Return each line of the listing exactly, though without its images.

### Information shown:
+++
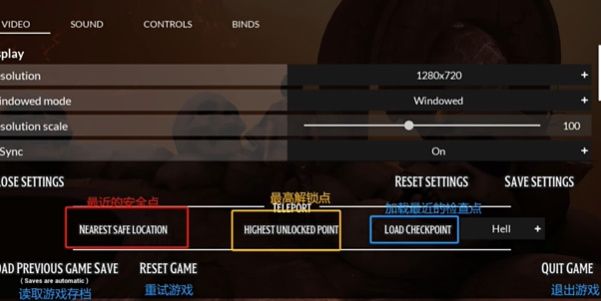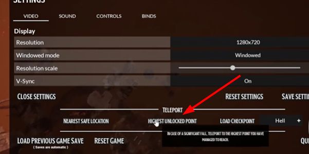 初学者:暂停菜单中的一个选项允许你在重大跌落前返回到你达到的最高点。(如果你想在视频中测试整个游戏很有用)
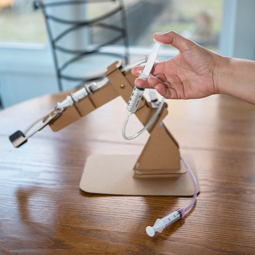 I kittet ingår stansade kartongbitar, pvc slangar, 10 ml sprutor samt skruvar. Använd materialet för att bygga ihop din hydrauliska klo. Allt som behövs för att vrida och vända på armen är vatten. Se hur processen av kraft och vätsketryck skapar rörelse!
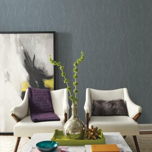 Like molten metal, shimmering rivulets flow, appearing like a river's tributaries viewed from high above the surface of the earth; it's elegant contemporary Upstream Wallpaper. This Upstream Wallpaper measures approximately 27.
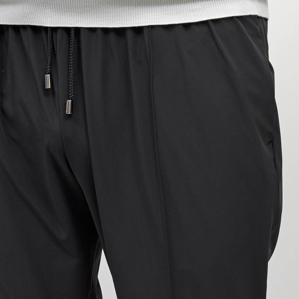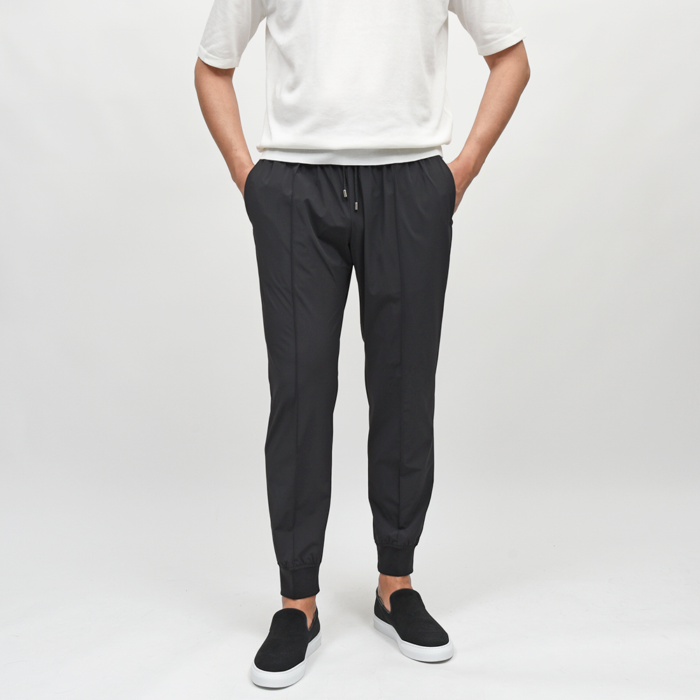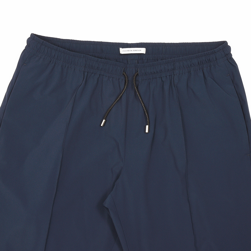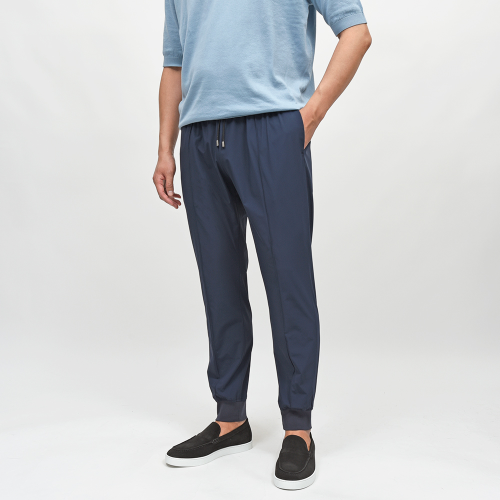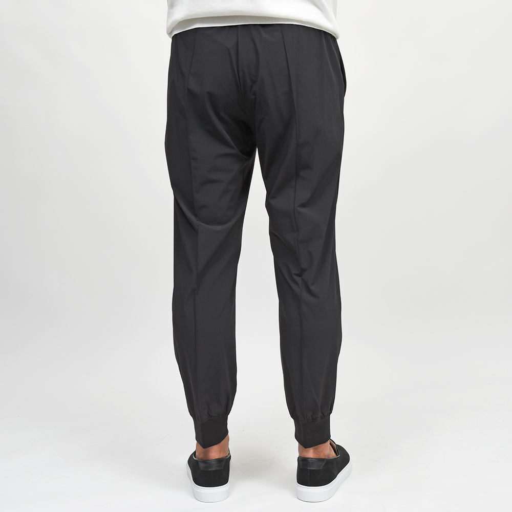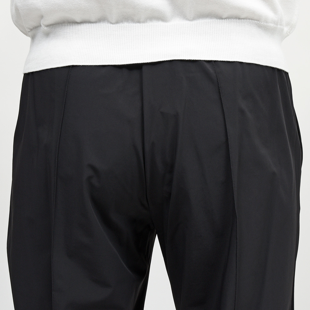 フルシャーリングにドローコードを備え付けたモデル“MANFREDO(マンフレッド)”。腰回りから膝にかけてゆとりのあるリラックスしたシルエットに、膝から下は緩めにかけられたテーパードが大人の上品さを持ちます。こちらはMANFREDOをベースに、裾口をリブ仕様に変更し、また前後にココンチの代名詞とも言える永久クリースを施しています。
+++
### Answer to this task:
 初学者:暂停菜单中的一个选项允许你在重大跌落前返回到你达到的最高点。(如果你想在视频中测试整个游戏很有用)
 I kittet ingår stansade kartongbitar, pvc slangar, 10 ml sprutor samt skruvar. Använd materialet för att bygga ihop din hydrauliska klo. Allt som behövs för att vrida och vända på armen är vatten. Se hur processen av kraft och vätsketryck skapar rörelse!
 Like molten metal, shimmering rivulets flow, appearing like a river's tributaries viewed from high above the surface of the earth; it's elegant contemporary Upstream Wallpaper. This Upstream Wallpaper measures approximately 27.
 フルシャーリングにドローコードを備え付けたモデル“MANFREDO(マンフレッド)”。腰回りから膝にかけてゆとりのあるリラックスしたシルエットに、膝から下は緩めにかけられたテーパードが大人の上品さを持ちます。こちらはMANFREDOをベースに、裾口をリブ仕様に変更し、また前後にココンチの代名詞とも言える永久クリースを施しています。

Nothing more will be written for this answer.